A special issue of Marine Drugs (ISSN 1660-3397).

Deadline for manuscript submissions: closed (20 December 2021) | Viewed by 10327

Special Issue Editor

Prof. Dr. Alexa Karina Klettner

E-Mail Website
Guest Editor
University of Kiel, University Medical Center, Department of Ophthalmology, Quincke Research Center, Kiel, Germany
Interests: pathogenesis and the treatment of age dependent macular degeneration; retinal inflammation; retinal pigment epithelium; fucoidan; brown algae; seaweed

Special Issue Information

Dear Colleagues,

Blinding diseases are a major problem in today’s world, especially in aging societies. More than 2.2 billion people suffer from visual impairment, and their ailment also affects relatives, medical care-givers, and society as a whole. For many eye diseases, such as age-related macular degeneration and many others, today’s treatment options are not sufficient, leaving the treatment of blinding diseases as an unmet challenge. Bioactive compounds derived from marine organisms offer a multitude of potential new treatment options to be discovered and developed, but this potential has been underutilized so far. The aim of this Special Issue “Marine Bioactive Compounds with Potential Applications on Eye” is to not only show the potential of marine compounds for eye diseases currently being investigated by researchers, but also to direct attention to this exciting field of biomedical research. It is the road less travelled, that can make all the difference in a field that is in desperate need of new treatment modalities, and which could learn and gain so much from the unmatched biodiversity of the ocean.

The collection of this issue will present the status quo of research concerning potential medical application of marine compounds in the eye, summarizing what has been discovered so far, pointing out existing possibilities, and providing directions for further research and the development of new therapeutics to be utilized in ophthalmology.

We would like to invite you to contribute to this issue and share your findings, ideas and new developments.

Prof.
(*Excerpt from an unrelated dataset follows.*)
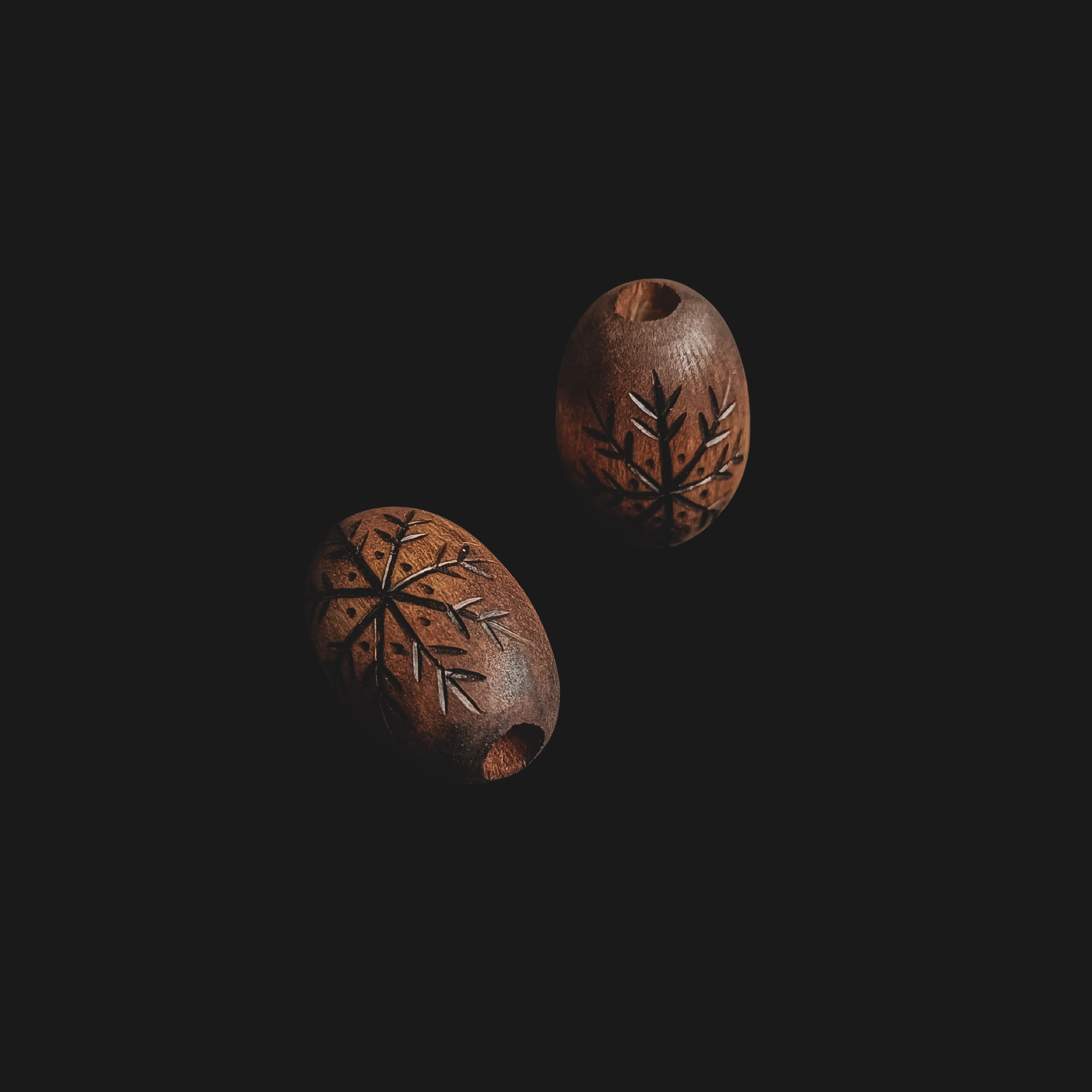 Polttokuvioidut puuhelmet. Jokainen helmi on uniikki.

Dr. Alexa Karina Klettner
Guest Editor

Manuscript Submission Information

Manuscripts should be submitted online at www.mdpi.com by registering and logging in to this website. Once you are registered, click here to go to the submission form. Manuscripts can be submitted until the deadline. All submissions that pass pre-check are peer-reviewed. Accepted papers will be published continuously in the journal (as soon as accepted) and will be listed together on the special issue website. Research articles, review articles as well as short communications are invited. For planned papers, a title and short abstract (about 100 words) can be sent to the Editorial Office for announcement on this website.
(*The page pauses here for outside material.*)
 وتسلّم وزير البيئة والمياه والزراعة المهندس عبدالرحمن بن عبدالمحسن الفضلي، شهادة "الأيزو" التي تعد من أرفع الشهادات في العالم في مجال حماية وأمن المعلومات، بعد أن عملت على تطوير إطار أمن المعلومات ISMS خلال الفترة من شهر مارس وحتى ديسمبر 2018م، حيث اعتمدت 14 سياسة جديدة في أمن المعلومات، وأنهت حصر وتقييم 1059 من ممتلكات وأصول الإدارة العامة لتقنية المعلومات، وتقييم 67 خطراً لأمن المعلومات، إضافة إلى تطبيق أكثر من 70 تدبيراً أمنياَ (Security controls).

Submitted manuscripts should not have been published previously, nor be under consideration for publication elsewhere (except conference proceedings papers). All manuscripts are thoroughly refereed through a single-blind peer-review process. A guide for authors and other relevant information for submission of manuscripts is available on the Instructions for Authors page. Marine Drugs is an international peer-reviewed open access monthly journal published by MDPI.

Please visit the Instructions for Authors page before submitting a manuscript. The Article Processing Charge (APC) for publication in this open access journal is 2900 CHF (Swiss Francs). Submitted papers should be well formatted and use good English. Authors may use MDPI's English editing service prior to publication or during author revisions.

Keywords

  • retina
  • retinopathy 
  • eye disease 
  • marine 
  • algae 
  • fish 
  • seaweed 
  • shrimp

Published Papers (3 papers)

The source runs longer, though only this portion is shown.